Хотя не знаю, забыла, перестала понимать, что, собственно, нас вдохновляло (или же принуждало?) к столь тесному общению. Уж никак не родство душ и не возраст. Художник, руку набивший на портретах военачальников, с тщательно выписанными на их обширной груди орденами, был старше других жильцов лет на тридцать с гаком, жена его, доцент МГУ, на двадцать его моложе, а их дочка, Ксюша, поздний ребенок, чуть опередила в рождении наших детей. Между тем обращались мы все друг к другу на «ты», преодолев и этот барьер, а уж с остальными не сомневались, что справимся.

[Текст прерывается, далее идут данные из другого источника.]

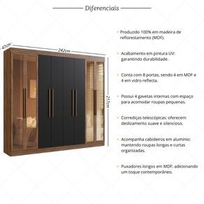 Especificações Técnicas: Altura: 217cm | Largura: 242cm | Profundidade: 47cm Material: 100% MDF Acabamento: Pintura UV Quantidade de Portas: 8 Quantidade de Gavetas: 4 Tipo de Corrediça: Telescópica Material do Cabideiro: Alumínio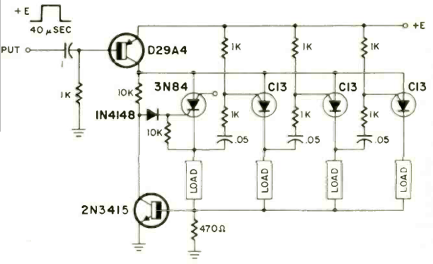 This circuit digitally counts input pulses. The circuit from a November 1970 Radio Electronics uses unijunction programmable transistors. Note the counted pulse duration.

Художника называли по отчеству, Борисыч. Гренадерского роста, богатырской стати, не умеющий понижать свой гудящий на низовых регистрах бас, несокрушимо уравновешенный, он был сыном священника, убитого на пороге церкви прихожанами, воспламененными революцией, но его самого религиозный дурман не коснулся, он вырос образцовым советским гражданином, уважающим все, что полагалось уважать.
Овдовев, женился на присватанной друзьями переводчице с хинди, доверившись полностью их рекомендациям. Перевалив шестой десяток, храбро, имея внуков, обзавелся Ксюшей, и в воспитание ее не вмешивался, тут полностью доверившись Марише, второй жене.
Мариша с замужеством затянула до сорока, зато успела защитить диссертацию, на кафедре ее ценили, благодарные ученики дарили цветы, шоколад, коньяк, и мы, соседи, с удовольствием пользовались плодами ее успешной карьеры. Скомканное, с нездоровой, серой кожей ее лицо трудно было вообразить молодым, миловидным. Но уж если Маришина внешность не имела значения для ее мужа, то для нас тем более. Собирались чаще всего именно в их квартире, и Мариша, разносторонне одаренная, присев к роялю, исполняла романсы, и ей дружно аплодировали.